Which schools to Apply to: That is what GOOGLE is for. Here is the link to the US News Week PA School Rankings:
http://grad-schools.usnews.rankings...p-health-schools/physician-assistant-rankings And really these rankings I think mean little. My cousin's boyfriend is graduating from a school ranked in the 80s and he is now doing a residency at Johns Hopkins, which is considered one of the best PA residencies in the nation in which he can practically write his own ticket to nearly any hospital in the country after he completes this residency. The ranking is more for you to see an easy location for the schools based on a ranking system by News Week. Michigan State's website has a great PDF of the Pre-PA guide for Michigan programs and unfortunately my advisor told me that we were the only school that actually made something relatively close to this type of guide that compares all the schools in the state and we don't even have a PA school:
http://ns.msu.edu/premed/PrePAGuide.pdf
Tuition: GOOGLE is your friend.

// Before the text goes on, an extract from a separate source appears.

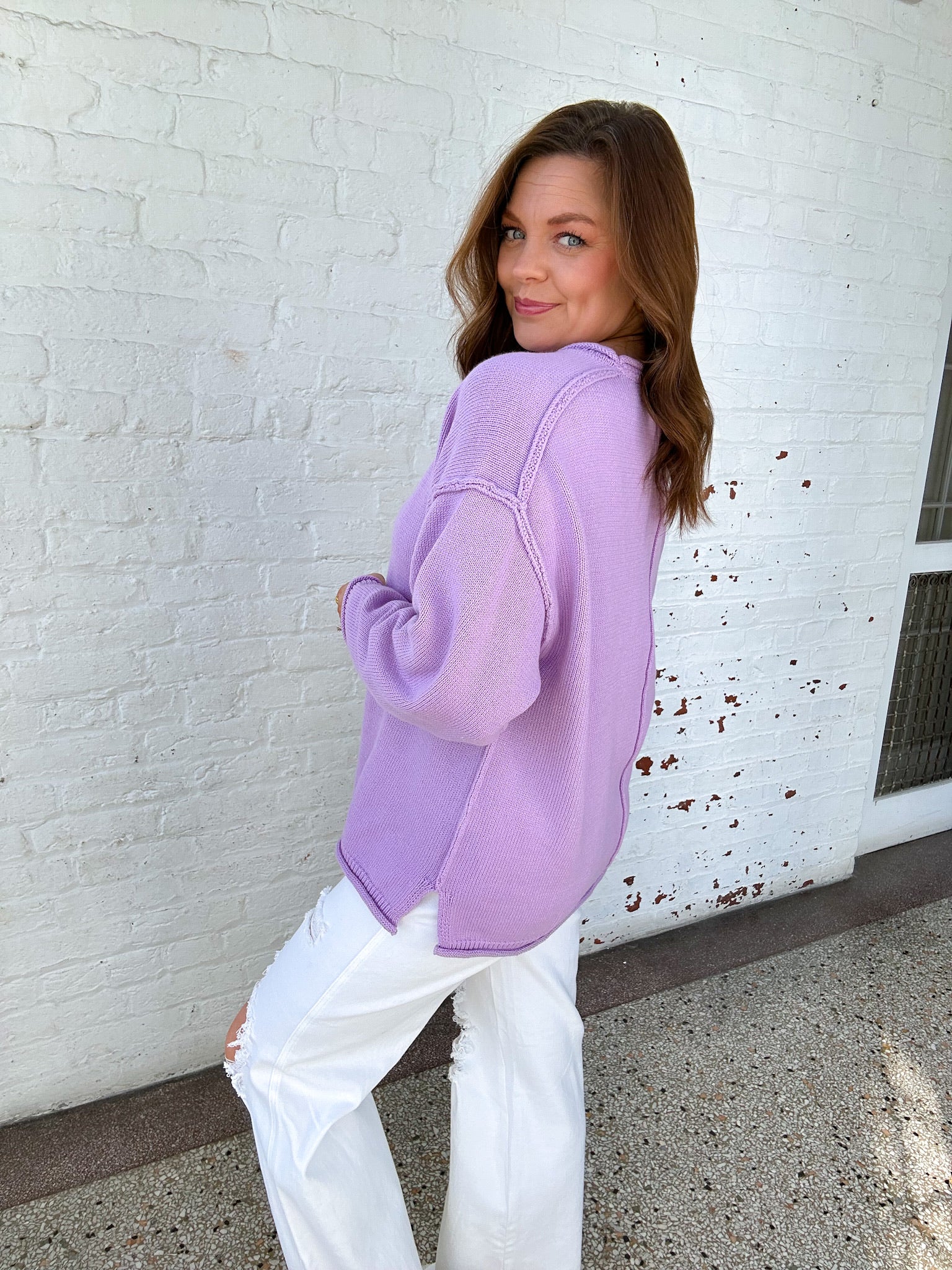 - oversized ribbed, round neckline, sleeves, and bottom hem

Like I said earlier, email the schools for it. At the time the tuition isn't gonna change your mind because we all know that anything in the medical field will have a high graduate tuition. If the person responding to your email is lazy and doesn't know their facts they may just give you a URL that gives you just the basic tuition rate and doesn't give you much info on all extra fees. Best advice other than email is take a couple hours and research each program close to you (start in CA if you want to stay there and then move around the nation if you want) and make an Excel spreadsheet with all the info you can find on their website.
Salary: You could easily make $85K a year in your first year out of PA school. My cousin's boyfriend turned down a $92K+ offer to do the residency program that can practically write him a ticket anywhere.